[EXERCISE DETAILS]
Only the lines from the first line of the data through the line containing "S7 Sled Base - Black Powdercoat" belong in the answer, transcribed exactly; pictures do not.

------------

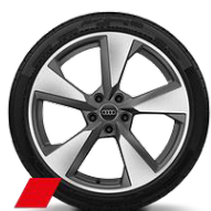
Audi Sport cast alloy wheels, 5-arm pylon style, Matte Titanium Look, diamond-turned, 8.5J x 19, 255/35 R19 tires
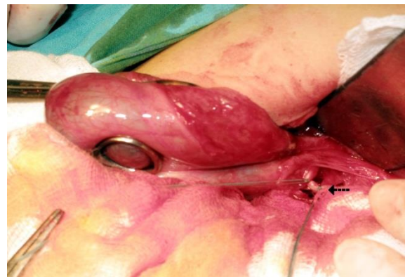
Fig. 3. Intra-operative appearance of the gallbladder, cystic duct ligature (mark highlights)

The clinical outcome after surgery was favorable, with drainage tube removed after 72 hours and the patient was discharged 6 days after surgery.
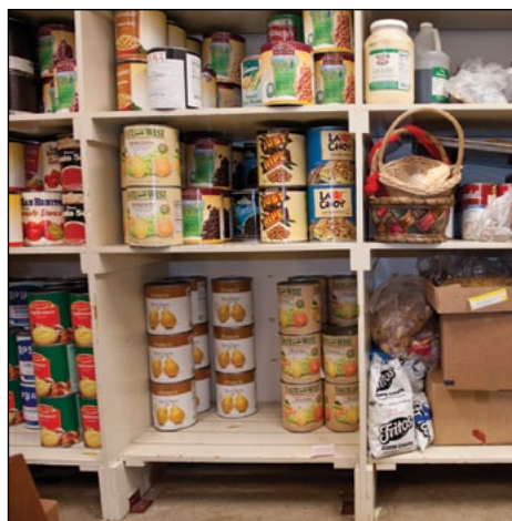
Figure 5. Once inside a school, mice will nest in such mouse-vulnerable areas as a food pantry or stuffed furniture in a staff lounge.
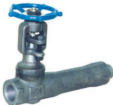
INTEGRALLY-REINFORCED EXTENDED BODY – 2174W

NPS ½–2 (DN 15–50), API 602, ASME CLASSES 800, 1500
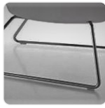
S7 Sled Base - Black Powdercoat
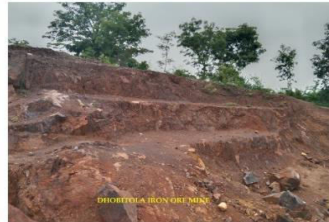
DHOBTOLA IRON ORE MINE
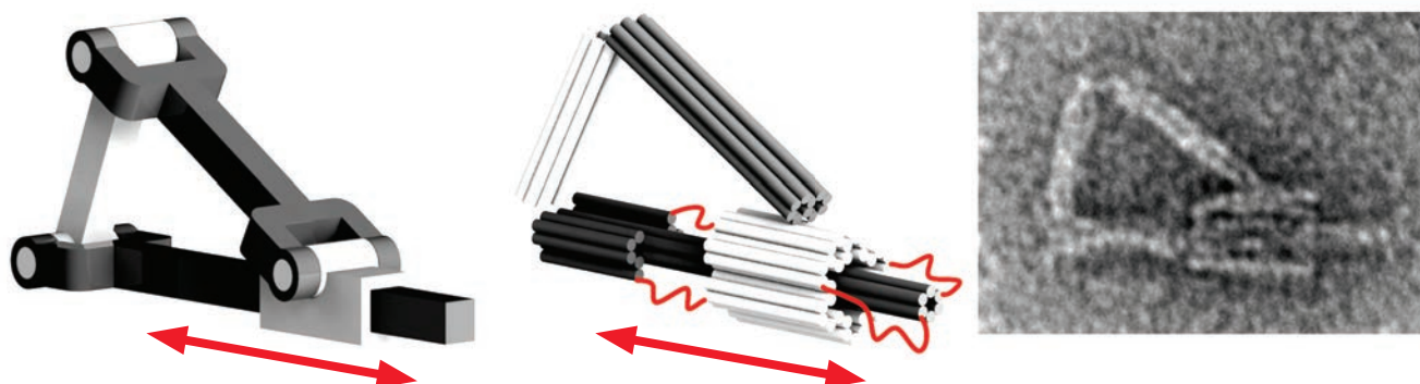
A crank-slider mechanism (left) converts the energy of a rotating wheel into a linear back-and-forth motion, or vice versa. The authors built a crank-slider mechanism from DNA (center) by combining DNA origami links and joints. They used electron microscopy (right) to visualize the tiny device and confirm that it actually moved.

formed the design of DNA scaffold origami from art to engineering. Now we can generate 2-D blueprints for DNA origami structures using an open-source computer-aided design program, caDNAno, then run those blueprints through simulation software called CANDO (Computer-Aided eNginneering for DNA Origami) to predict a 3-D folded structure.
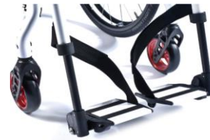
XES050022 Footboard divided, aluminium, frame colour
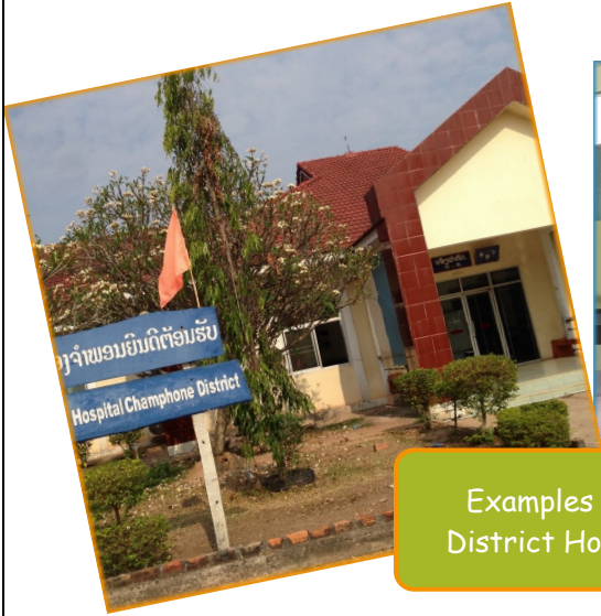
Examples of a District Hospital
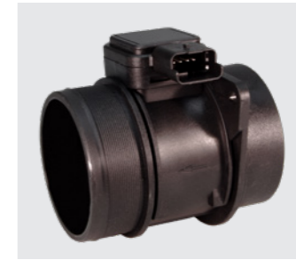
VXPRO EE4044 Mass Airflow Sensor
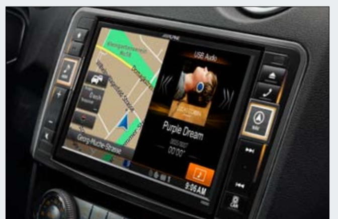
Navigation maps and audio playback information can be displayed by innovative split-screen technology
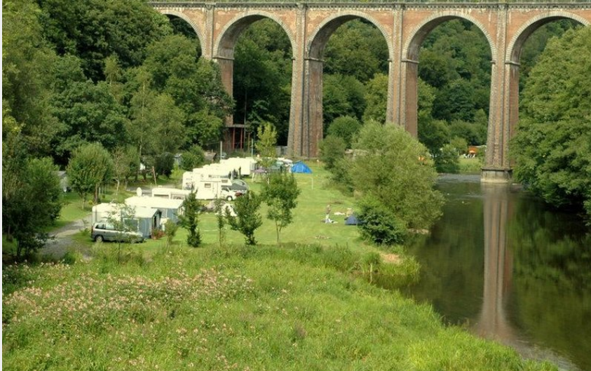
Attribution : (FTLB - P.Willems)

------------

[RESPONSE AREA]
Audi Sport cast alloy wheels, 5-arm pylon style, Matte Titanium Look, diamond-turned, 8.5J x 19, 255/35 R19 tires
Fig. 3. Intra-operative appearance of the gallbladder, cystic duct ligature (mark highlights)

The clinical outcome after surgery was favorable, with drainage tube removed after 72 hours and the patient was discharged 6 days after surgery.
Figure 5. Once inside a school, mice will nest in such mouse-vulnerable areas as a food pantry or stuffed furniture in a staff lounge.
INTEGRALLY-REINFORCED EXTENDED BODY – 2174W

NPS ½–2 (DN 15–50), API 602, ASME CLASSES 800, 1500
S7 Sled Base - Black Powdercoat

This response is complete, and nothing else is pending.